The first petition of the Lord’s Prayer asks for God’s name to be hallowed – to be reverenced as holy. Pope Benedict, in explaining this, takes us back to the burning bush; to Moses’ encounter with God in the Sinai desert.
Moses, commanded to go back to Egypt and demand the release of the people of Israel, asks the name of the God who gives this command.
“But the God who calls Moses is truly God, and God in the strict and true sense is not plural. God is by essence one. For this reason he cannot enter into the world of the gods as one among many; he cannot have one name among others.” (Jesus of Nazareth, Pope Benedict XVI)
God gives Moses a name that is also a non-name, “I am who I am,” ‘a refusal and a pledge’ Pope Benedict says. God puts Himself within the reach of human invocation.
“He enters into relationship with us and enables us to be in relationship with him. Yet this means that in some sense he hands himself over to our human world.
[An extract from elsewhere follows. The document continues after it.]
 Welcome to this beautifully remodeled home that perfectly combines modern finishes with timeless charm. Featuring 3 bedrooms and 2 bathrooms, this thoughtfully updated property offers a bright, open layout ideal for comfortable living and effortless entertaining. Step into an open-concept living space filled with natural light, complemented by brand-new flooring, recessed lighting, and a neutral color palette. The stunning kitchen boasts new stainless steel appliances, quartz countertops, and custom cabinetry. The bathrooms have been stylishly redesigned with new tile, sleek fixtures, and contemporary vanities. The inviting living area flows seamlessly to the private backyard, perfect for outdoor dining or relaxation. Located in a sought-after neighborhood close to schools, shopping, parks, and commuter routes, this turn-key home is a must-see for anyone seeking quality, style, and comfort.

He has made himself accessible and, therefore, vulnerable as well… The process that was brought to completion in the Incarnation had begun with the giving of the divine name.”
The name of God can be co-opted for our purposes and so the image of God can also be distorted… when we consider all the ways in which God’s name has been so shamefully misused, we almost despair of uttering it ourselves. But to keep it silent would be an outright refusal of the love with which God comes to us… All we can do is plead with him not to allow the light of his name to be destroyed in this world.
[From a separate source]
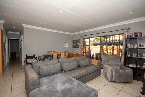 Additional highlights of this property include a massive private landscaped garden with a charming patioideal for outdoor relaxation or entertaining. Security is a top priority, with electric fencing surrounding the complex. Parking is a breeze with one automated garage that offers drive-through access to a carport at the rear.
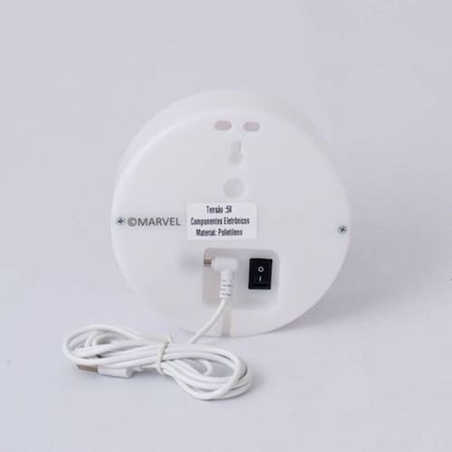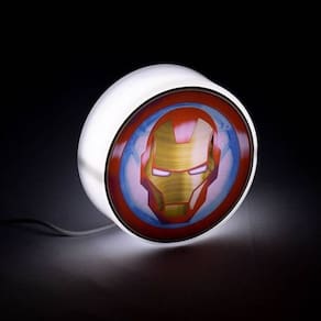 A Mini Luminária LED Redonda Homem de Ferro USB Marvel vai alegrar e divertir qualquer lugar que ela estiver, com um toque de heroísmo e muita personalidade ela é um intem incrível para fãs de super-heroís! Perfeita para sua decoração, a Mini Luminária LED Redonda Homem Aranha USB Marvel, vai encantar seu quarto, aquele seu cantinho especial ou o seu escritório. Essa luminária vai agregar no seu espaço de leitura por ser uma luz difusa, o que não agride a visão, além de deixar o local com uma iluminação mais baixa.Material: Polietileno e componentes eletrônicos Dimensões: 11 x 11 x 4 cm Tensão: 110V/220V Alimentação: Com interruptor no produto e cabo USB medindo 1,2m de comprimento Cuidados: Limpar com pano úmido e macio Informações adicionais: Utiliza fita de led 5w (inclusa no produto) Perguntas frequentes A luminária pode ser pendurada na parede ? Sim ela pode ser pendurada na parede, já consta com furos para ser instalada (parafusos não inclusos).

St Augustine makes a similar point – adding that we keep God’s name holy for our sake, not for his:
Thus, when we say: Hallowed be your name, we are reminding ourselves to desire that his name, which in fact is always holy, should also be considered holy among men. I mean that it should not be held in contempt. But this is a help for men, not for God.
The prayer that is worthy of him who calls God Father is the prayer which asks nothing before the glory of His Father, but to account all things secondary to the work of praising Him.
For “hallowed” is glorified. For His own glory He has complete, and ever continuing the same, but He commands him who prays to seek that He may be glorified also by our life.
Which very thing He had said before likewise, “Let your light so shine before men, that they may see your good works, and glorify your Father which is in heaven” (Matt. 5:16).
Yea, and the seraphim too, giving glory, said on this wise, “Holy, holy, holy” (Is. 6:3; Rev. 4:8). So that “hallowed” means this, viz. “glorified.”
In other words, “vouchsafe,” says he, “that we may live so purely, that through us all may glorify Thee”.
Which thing again appertains unto perfect self-control, to present to all a life so irreprehensible, that every one of the beholders may offer to the Lord the praise due to Him for this.